20 thoughts on “Retrotechtacular: Ford Model T Wheels, Start To Finish

  1. If you enjoy and want to learn more how wheels are made i highly recommend EngelsCoachShop on youtube. He has made pretty much every type of wheel out there from small stuff to borax wagon wheels to not long ago doing a set of 12 foot logging wheels. Great channel worth checking out.

  2. What a coincidence, since i have bought a very nice Michelin wheel (or rim to be exact, since the rubber tire is missing) made of wood and steel very like these ones, probably circa 1920. Very interesting and enjoyable to watch.
    But what the heck: Youtube quality up to 4K when original video quality is obviously at best 480! Is this a way to attract more views by promoting fake video quality? If not a scam, it is at least a complete waste of storage space and network bandwidth!

      1. It’s not that we can’t do it, it’s that somebody is going to be made to pay for it, and shit flows downhill.

        And for what it’s worth, it’s very common that if you’re using cellular data, that makes video load in 480p unless you specifically take steps to get your way.

    1. The “original” video was on film which has no sense of 4k vs 480P. When doing a film-to-digitial transfer, you would want to capture it at the highest resolution possible, and only downsample later when needed. Even for degraded film like this, doing the initial capture at high rez maintains data that might be useful in the future to restore the image.

      Unless you’re saying the film-to-digital capture was done at 480P and then upsampled later, which is less useful. Although even then, there are good deep learning algorithms that can upscale a video better than your browser does at playback time.

    2. You have to “Oversample” youtube uploads to preserve quality. YouTube will compress the heck out of a high quality 480p source file, if you first export at 1080p or larger and upload it YouTube won’t squish out as much detail.

  3. My father told me that some of the suspensions wire for the Ambassador bridge did not meet their specifications and Henry Ford bought the batch. He used the material on his welded wire wheels.

  4. In regards to the wood felloe wheels shown in the article, we are fortunate in the Model T hobby to have an Amish wheelwright who can make any wooden wheel for our cars. It’s nice to know that the skill exists over a century later.
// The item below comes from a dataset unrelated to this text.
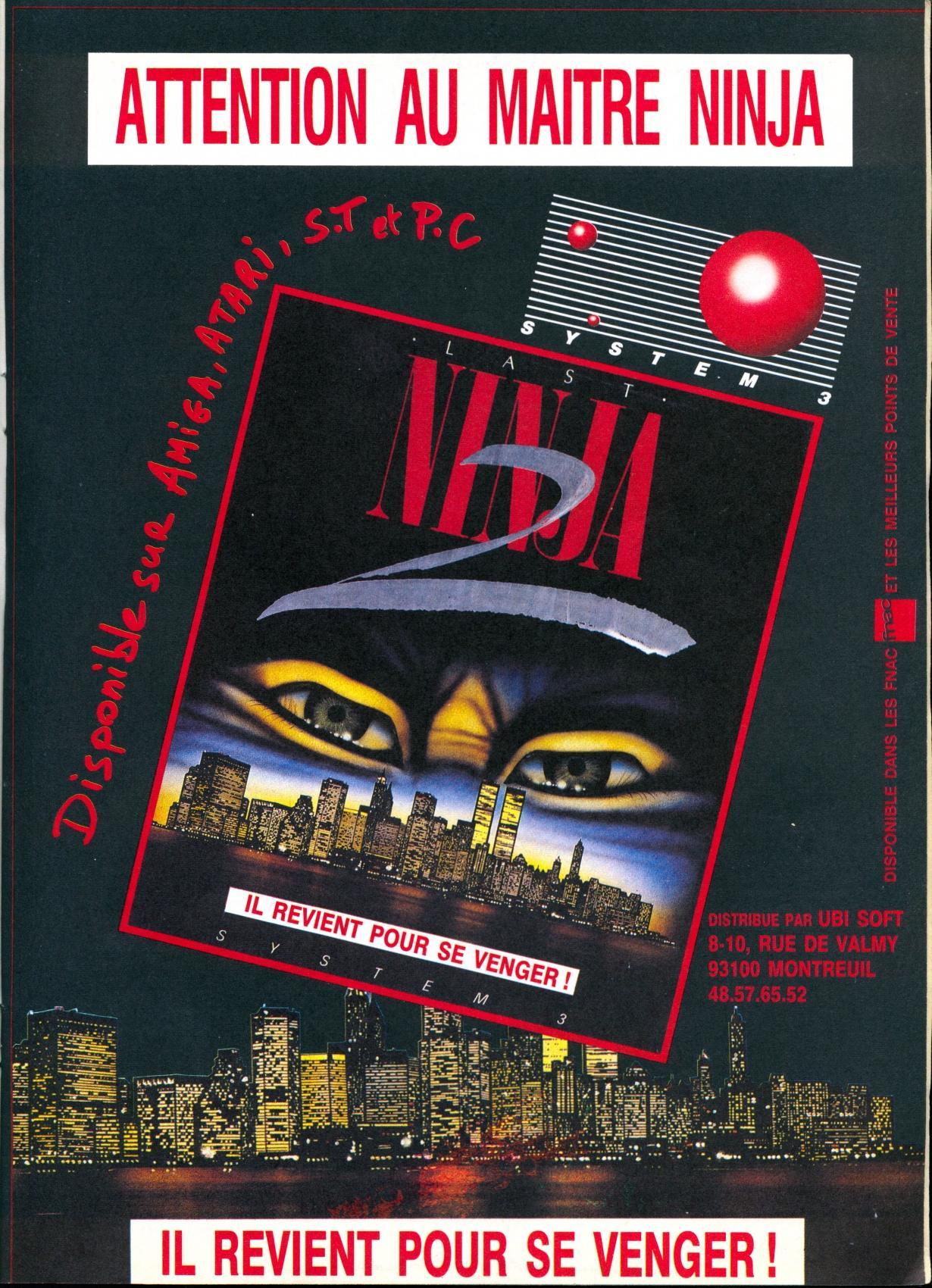 Effectivement, avec plus de trois cents écrans de jeu et quelque cent animations différentes, il aurait été difficile de réaliser un tel jeu sur CPC étant donné l'absence dune gestion de sprites dans la ROM de la machine. Mmouaaiis !!! Avant de parler du deuxième épisode, présentons le package, qui inclut une super cagoule de ninja en toile et un shuriken (made in Taïwan) en caoutchouc, un plan en 3D sans grande utilité et un livret de vingt pages de délire total !!! Pour l'histoire, les ninjas vécurent au IX eme siècle. Mystérieux, combattants de la nuit, ils furent très redoutés par les samouraïs. Au XIIe siècle, ils disparaissent. De nos jours, seuls quelques adeptes pratiquent encore l'art ninjutsu dans certains temples japonnais. PREMIER NIVEAU : Allez, passons aux choses sérieuses. Le jeu débute sur le balcon d'une tour. Pas le temps de visiter la terrasse. Passez dans la salle suivante ; là, ne vous occupez pas trop de votre premier ennemi et éclatez le panneau qui clignote d'une bonne patate. Retournez sur le balcon et, ô miracle, une trappe s'est ouverte ! La suite des événements se déroule dans un parc charmant ; ne laissez surtout rien au hasard car les problèmes vont surgir très vite. Ramassez les objets en cours de route : clés et plans. N'oubliez pas les nunchakus dans les WC pour dames (tiens, bizarre !!). Dans le parc se trouve le bâton indispensable pour finir le premier niveau, ainsi que la clé qui servira à ouvrir la gjrille... Continuez et traversez la rivière grâce à la barque puis évitez les abeilles meurtrières. Maintenant, la route se sépare. A gauche, c'est pour plus tard. Dirigez-vous donc à droite et sautez sur l'îlot, où vous trouverez une autre barque amarrée. Détachez-la avec le bâton ; elle vous permettra de traverser l'écran situé à gauche. Faites demi-tour et prenez la route de gauche (woouaaa !!! assez difficile, la prise de tête quoi !). SECOND NIVEAU : UN NINJA A N.Y. On continue au niveau deux. Vous êtes alors en plein New York. Vous vous trimbalez dans des rues genre mal famées avec des keu-pons ; pire encore, même les flics se mettent de la partie. Le meilleur moyen est de se tirer le plus vite possible, et de se procurer rapidement une épée. Cette dernière se trouve dans un magasin et, là, c'est l'éclate (comme durant tout le jeu d'ailleurs). Pour faire bonne impression au commerçant, défoncez la porte d'entrée d'un bon coup de tatanne. Pour la suite de l'aventure, il vous faut trouver un cocktail Molotov, qui vous servira pour faire rôtir un crocodile obsédé par l'idée de planter ses belles dents acérées dans le gras de vos jaunes (ninja oblige) fesses. En d'autres termes, ça s'appelle le mordant informatique. Attention, n'oubliez surtout pas un seul détail. Effectivement, si vous ramassez le cocktail Molotov dans le niveau deux, il vous servira pour la troisième partie. De même, le plan que l'on trouve tout au début du jeu ne sert que dans la sixième et dernière partie du soft. Vous ne partirez du second niveau qu'après avoir trouvé une barre à mine, située sous un abri, que vous devrez utiliser un peu plus loin. Elle vous permettra d'ouvrir une bouche d'égout qui vous fera accéder au niveau suivant. TROISIEME NIVEAU : Mais que fait notre ninja dans les égouts ? La troisième partie semble moins difficile, une fois que vous avez décalqué les quelques touristes qui traînaient dans le coin. Ramassez le crochet situé dans une pièce à droite ; il vous permettra de franchir la grille un peu plus loin. Une fois celle-ci ouverte, laissez vous descendre... La première fois, vous vous ferez avoir. En effet, plus bas, il faut éviter les mâchoires de notre ami saurien. Alors, n'oubliez pas d'allumer votre cocktail Molotov, grâce à une des torches qui se trouvent à votre hauteur. Evitez les rats en bondissant ou achetez-vous une paire de béquilles à Elysold, et pour finir, portez-vous à la droite du crocodile très agressif. Puis envoyez-lui le cocktail en pleine tronche. Vous pourrez admirer la cuisson de brochettes de cuisses de croco (très répandues dans la cuisine ninja). MAGIC NINJA Quels sont les défauts ou les manquements de ce soft 7 Les quelques difficultés dans le maniement du personnage disparaissent après une bonne pratique du jeu. A noter qu'il est impossible de jouer au clavier seul. La barre d'espace sert pour le choix des armes, la touche return pour utiliser un objet. Les amoureux de ce mode de jeu devront ressortir leur joystick. Trois modes sont au programme. Le premier est relativement difficile parce que le ninja répond assez mal, surtout dans les combats. Le deuxième, plus précis, est très important dans le quatrième niveau mais n'est pas efficace pour les phases de combat. Le troisième reste le plus complet et le plus facile, pour se placer dans les passages ou pour les opérations délicates (exemple : la rivière ou les hauteurs). Pour le saut, vous avez trois systèmes : court, moyen, long. Je vous conseille le mode long (joystick vers la direction du saut) ; les deux autres ne sont pas à utiliser. Côté sonore, c'est pas le Pérou, c'est tout juste oriental, avec des musiques différentes pour chaque niveau de jeu, donc six au total. Les graphismes ' sont très réussis, monochromes et très détaillés. Les décors, vastes, et les animations, superbes, enchanteront tous les fanas du genre arcade/ aventures. En définitf, The Last Ninja 2 est vraiment un soft qui vaut le détour, un must incontournable quoi !!! Le Micromane THE LAST NINJA 2 de SYSTEME 3 A100% n°10 , p26-27 |

  5. Somewhere in all of this, another product evolved: The charcoal briquet. There was so much sawdust/waste produced in the production of these and wooden parts of the car bodies that – in the “waste nothing” mode of the era – after everything could be extracted from the wood the remaining carbon was sold as fuel.

    https://www.ironmountaindailynews.com/news/local-news/2017/12/kingsford-fuel-the-burning-history-of-charcoal-briquettes/

    1. Never use briquets.

      Natural charcoal is readily available.

      Mesquite tastes better than burnt glue.

      Also better than propane…Cue Hank Hill.

      At least briquets have a use. Better than particle board.

  6. My family had a model T truck for 90 or so years up until a couple months ago, but I must admit I never thought about it other than playing in it once or twice as a kid. Because these things are so cheap and utilitarian, it’s easy to miss that they were in part handmade craft items.

    Sometimes new products are poignant in the same way, like when you take apart a disposable appliance motor or garment, and have a sudden flash of how someone made this by hand.

  7. “We can’t help but wonder what became of the army of workers, but it probably wasn’t good.”
    Yes, and today’s EVs only need a fraction of the autoworkers that were needed for ICE cars. Same for aftermarket garages muffler brake shops etc
    And the batteries are not fixable – just replace.
    And don’t even think about how AI has already displaced telephone customer care.

    1. Batteries are not fixable… but battery packs are. There is already at least specialty shop I’m aware of that does this, and there will be more as the market for them grows.